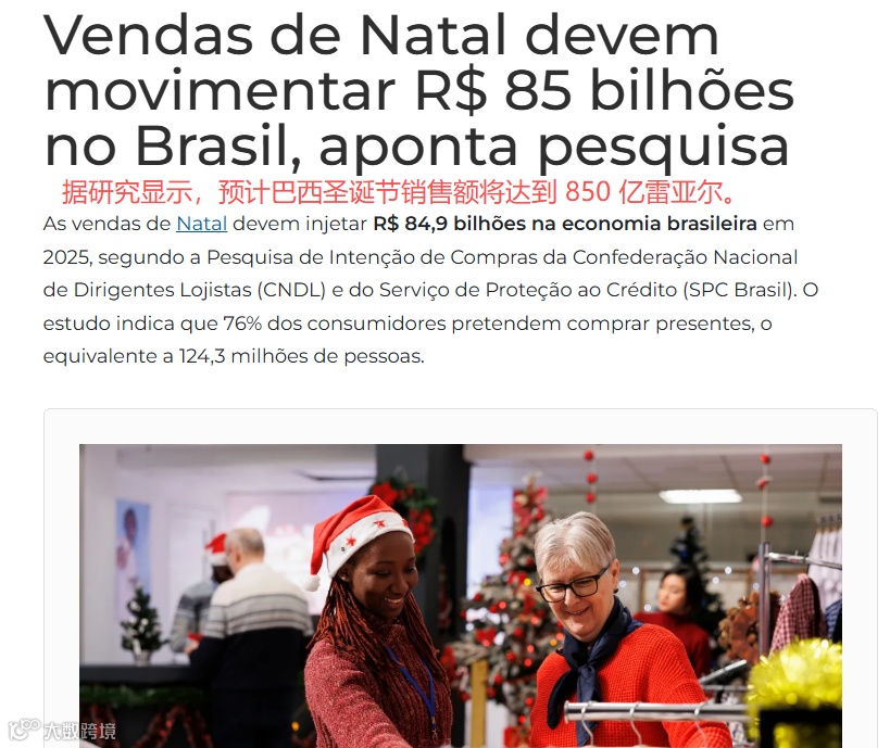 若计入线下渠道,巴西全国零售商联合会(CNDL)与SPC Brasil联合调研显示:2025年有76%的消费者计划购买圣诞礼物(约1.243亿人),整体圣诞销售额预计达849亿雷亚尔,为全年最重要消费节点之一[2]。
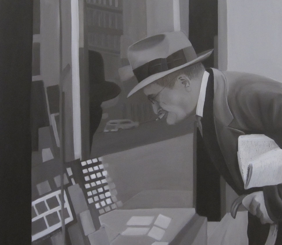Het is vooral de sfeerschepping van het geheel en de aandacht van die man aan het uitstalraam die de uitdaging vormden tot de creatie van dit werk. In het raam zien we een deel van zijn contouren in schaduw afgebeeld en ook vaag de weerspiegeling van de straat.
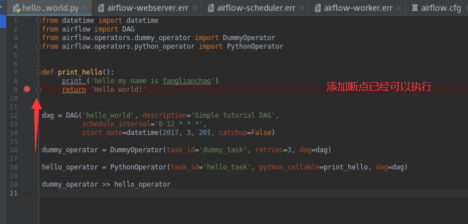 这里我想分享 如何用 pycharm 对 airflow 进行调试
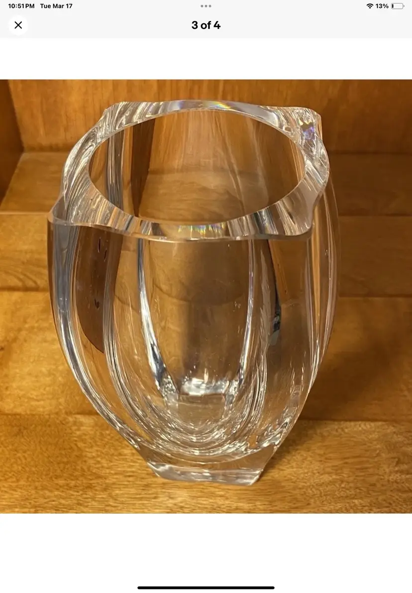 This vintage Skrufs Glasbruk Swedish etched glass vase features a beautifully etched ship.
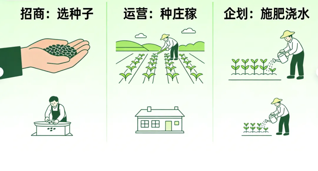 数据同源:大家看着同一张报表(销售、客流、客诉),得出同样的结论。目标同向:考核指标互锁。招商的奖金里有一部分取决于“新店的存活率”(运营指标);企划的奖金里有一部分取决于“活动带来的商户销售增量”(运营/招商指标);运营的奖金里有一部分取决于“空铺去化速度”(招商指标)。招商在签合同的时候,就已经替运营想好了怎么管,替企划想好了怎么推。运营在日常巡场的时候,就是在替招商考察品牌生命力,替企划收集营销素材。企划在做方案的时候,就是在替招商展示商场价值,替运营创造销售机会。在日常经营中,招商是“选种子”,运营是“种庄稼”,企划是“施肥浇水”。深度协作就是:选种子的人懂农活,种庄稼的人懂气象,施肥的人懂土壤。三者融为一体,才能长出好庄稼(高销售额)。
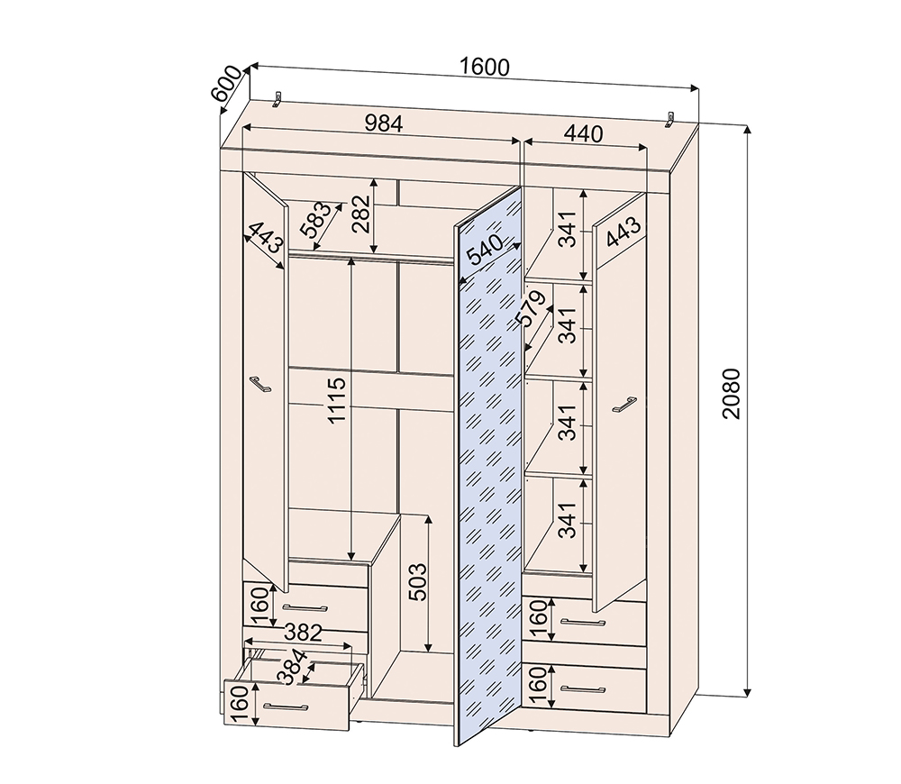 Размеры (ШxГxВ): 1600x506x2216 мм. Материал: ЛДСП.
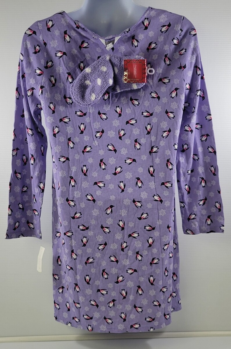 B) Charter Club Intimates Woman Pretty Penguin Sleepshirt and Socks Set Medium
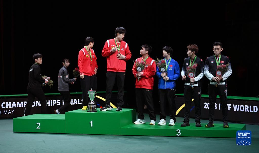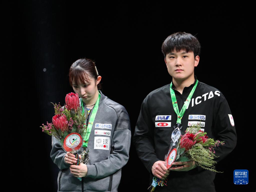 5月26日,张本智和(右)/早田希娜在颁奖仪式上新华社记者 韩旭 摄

--

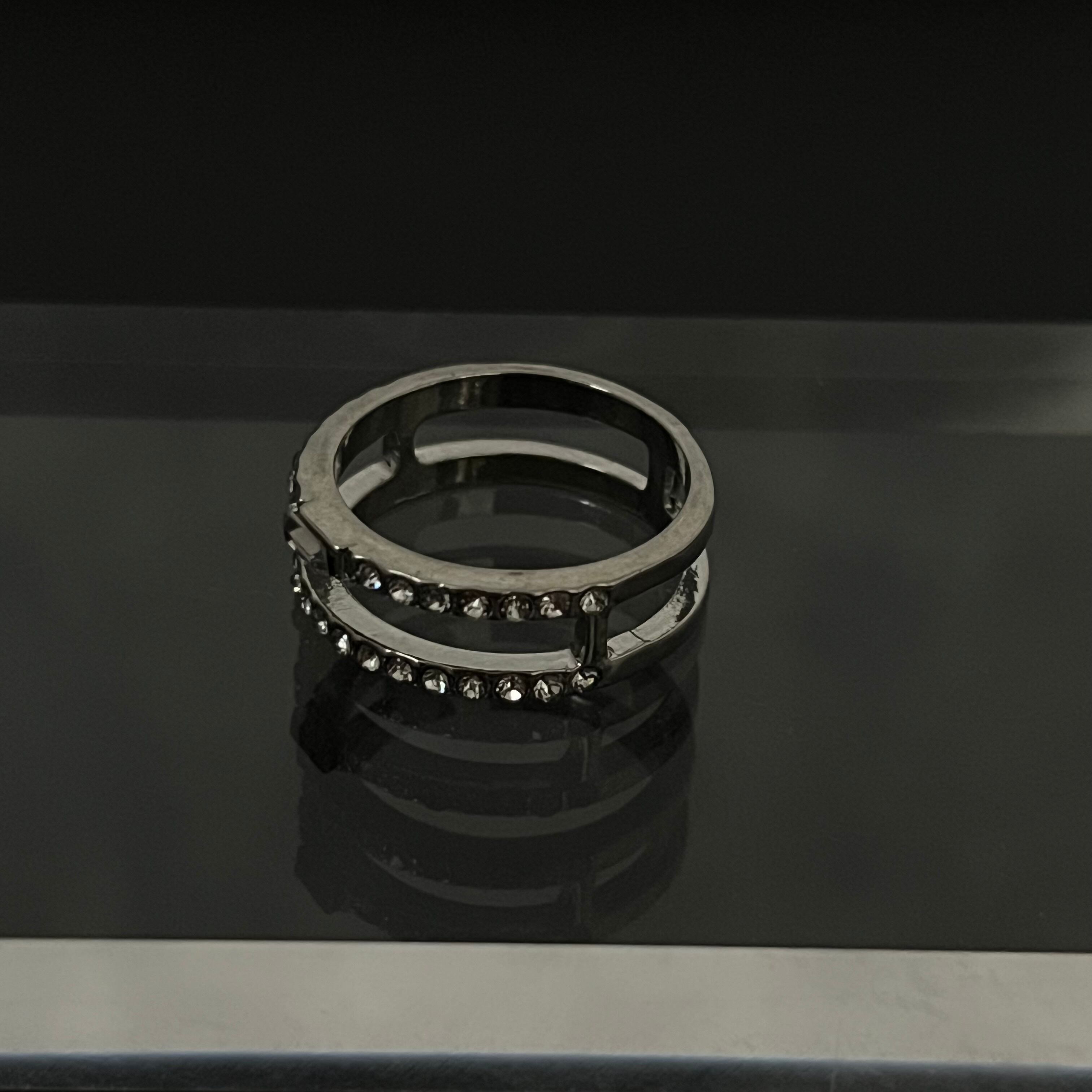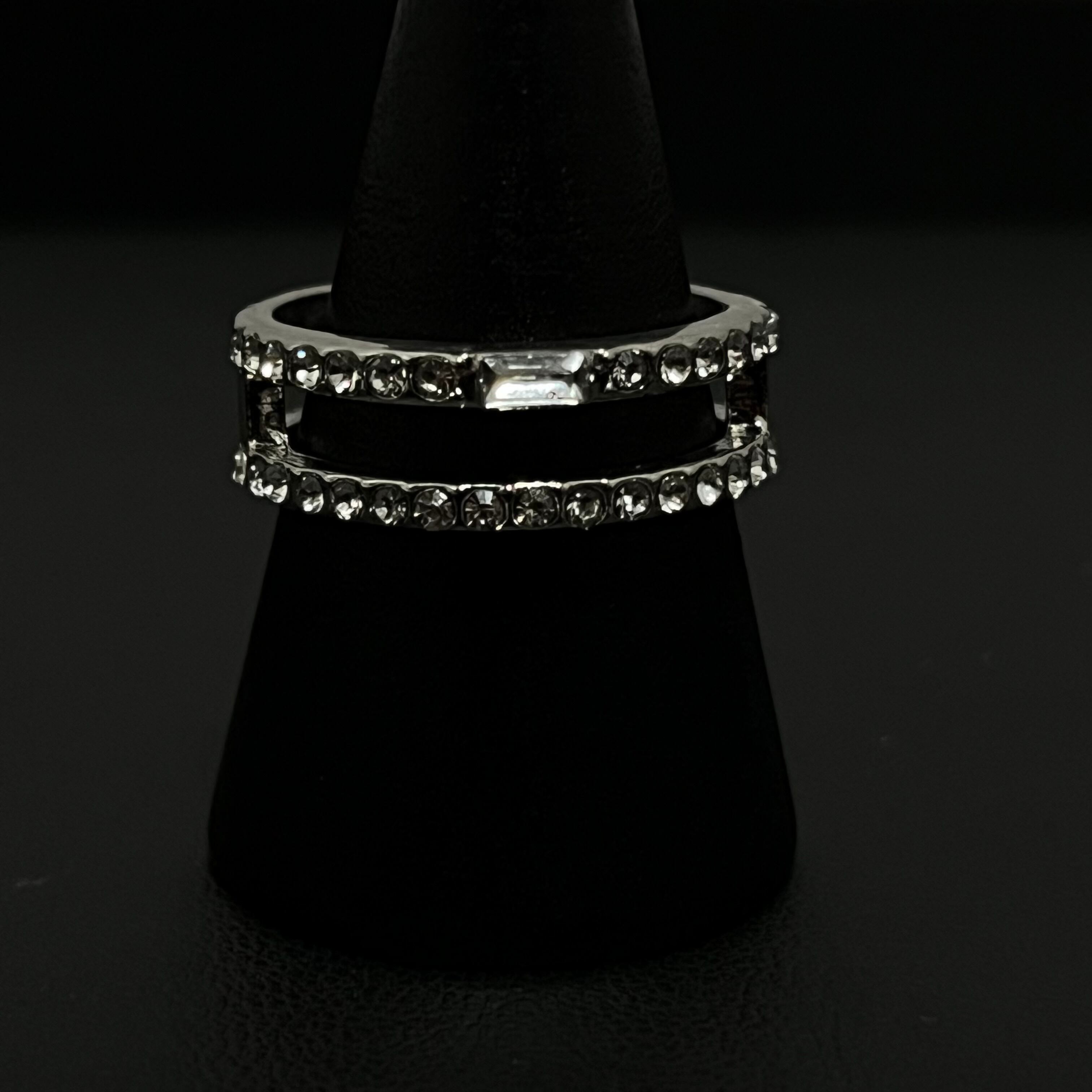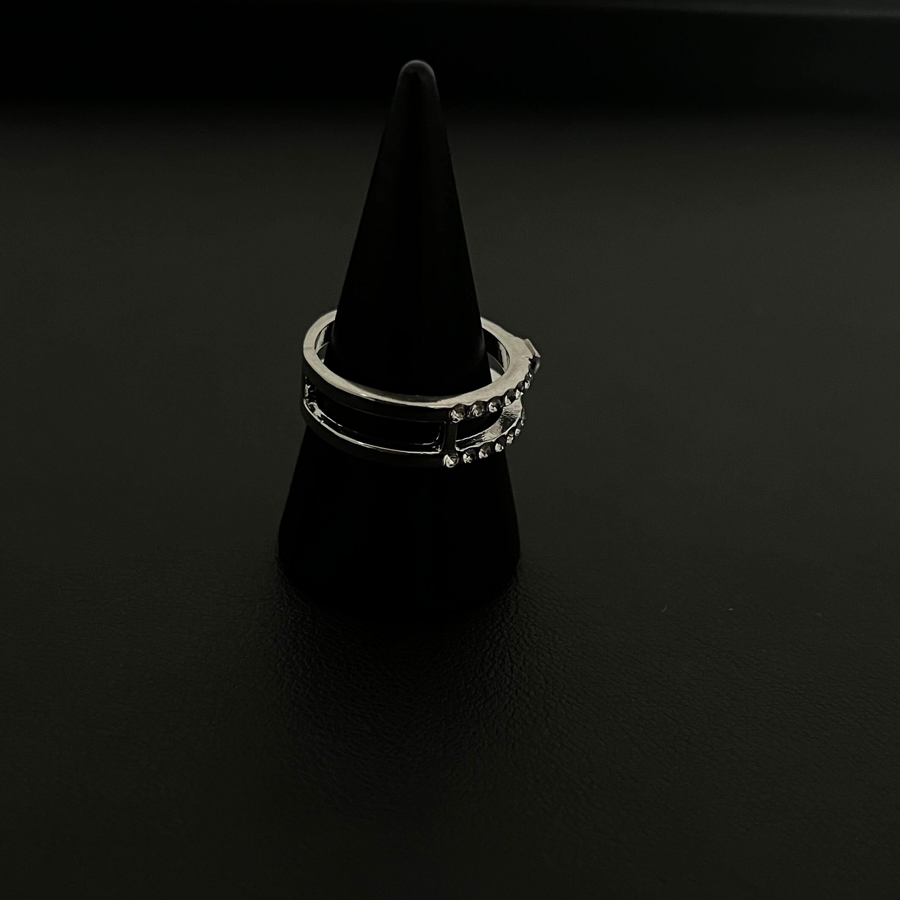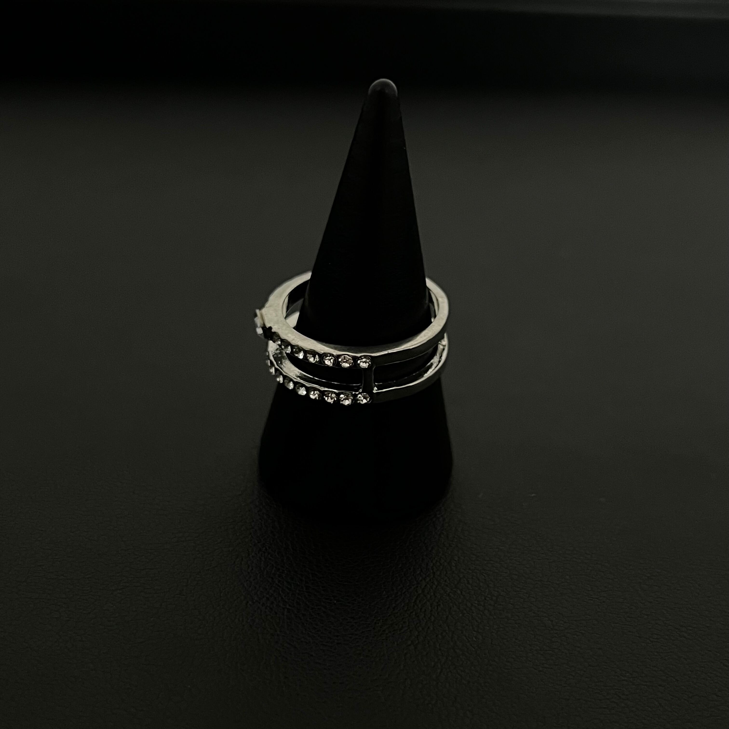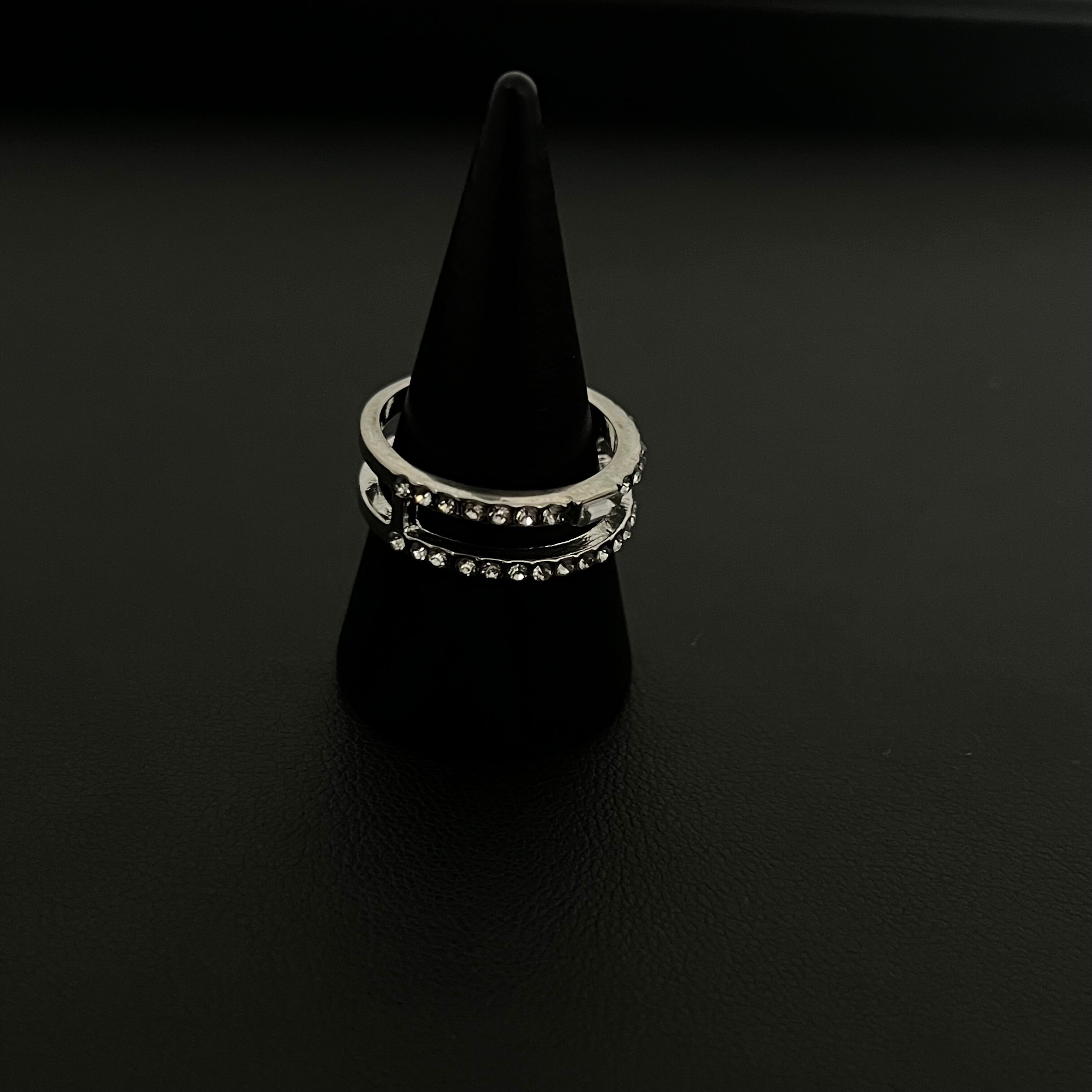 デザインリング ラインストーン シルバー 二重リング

TASK REQUIREMENTS -> Copy everything above from the line holding "B) Charter Club" down to the line holding "5月26日,张本智和(右)/早田希娜在颁奖仪式上新华社记者 韩旭 摄", both ends included, exactly as it stands and without the pictures.

ANSWER AREA ->
 B) Charter Club Intimates Woman Pretty Penguin Sleepshirt and Socks Set Medium
 5月26日,张本智和(右)/早田希娜在颁奖仪式上新华社记者 韩旭 摄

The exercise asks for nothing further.